▶ **TO DO**
Quote the whole listing exactly. Leave the pictures out of your copy.

▶ **RECORDED DATA**
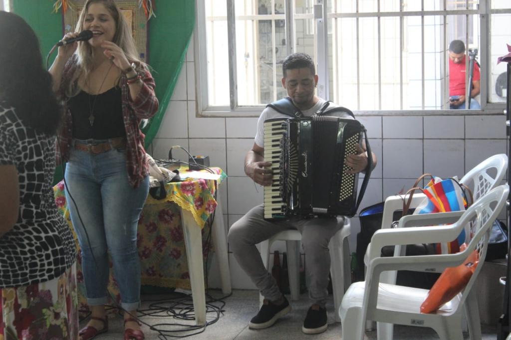 Durante toda a tarde, os beneficiários do programa e frequentadores do Cras puderam confraternizar, buscar o atendimento das equipes e ouvir música ao vivo ao som de Rebecca Melo e Missinho do Acordeon.
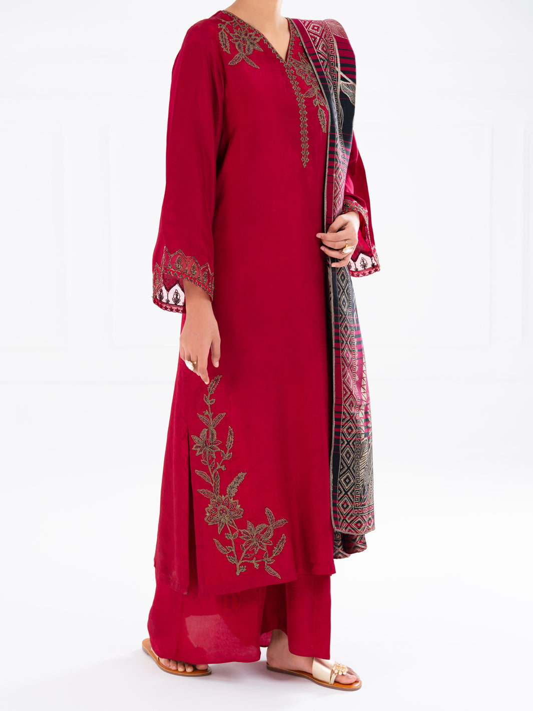 Red Taffeta Silk 3Pc Unstitched - AWP-3PS-778
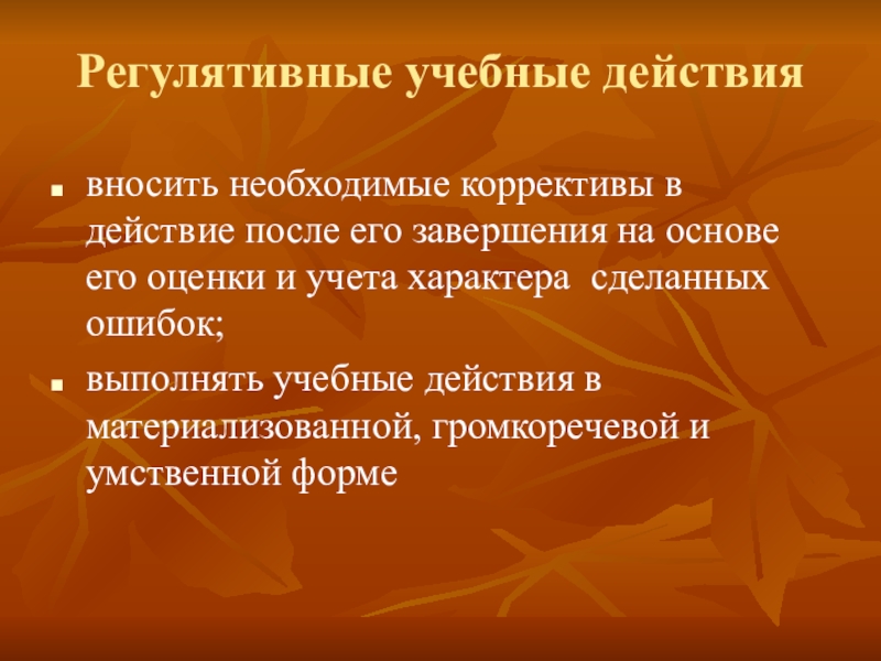 Слайд 21Регулятивные учебные действия
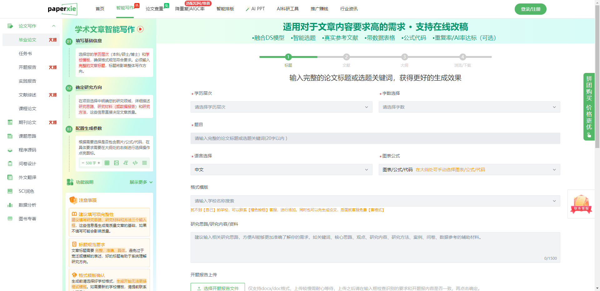 在 “研究思路 / 研究内容 / 资料” 输入框中,你需要明确:核心关键词是什么?用什么研究方法?有没有参考案例或数据? 比如你想写 “短视频对大学生消费行为的影响”,可以在这里补充 “以某高校为例 + 问卷调查法 + 参考《2024 短视频用户行为报告》”。这些信息会被 DS 模型拆解为 “研究背景 - 问卷设计 - 数据统计 - 结论建议” 的逻辑链,生成的内容不会是空泛的 “套话”,而是带着具体案例和方法的 “落地性内容”。

▶ **SOLUTION TO THIS EXERCISE**
 Durante toda a tarde, os beneficiários do programa e frequentadores do Cras puderam confraternizar, buscar o atendimento das equipes e ouvir música ao vivo ao som de Rebecca Melo e Missinho do Acordeon.
 Red Taffeta Silk 3Pc Unstitched - AWP-3PS-778
 Слайд 21Регулятивные учебные действия
 在 “研究思路 / 研究内容 / 资料” 输入框中,你需要明确:核心关键词是什么?用什么研究方法?有没有参考案例或数据? 比如你想写 “短视频对大学生消费行为的影响”,可以在这里补充 “以某高校为例 + 问卷调查法 + 参考《2024 短视频用户行为报告》”。这些信息会被 DS 模型拆解为 “研究背景 - 问卷设计 - 数据统计 - 结论建议” 的逻辑链,生成的内容不会是空泛的 “套话”,而是带着具体案例和方法的 “落地性内容”。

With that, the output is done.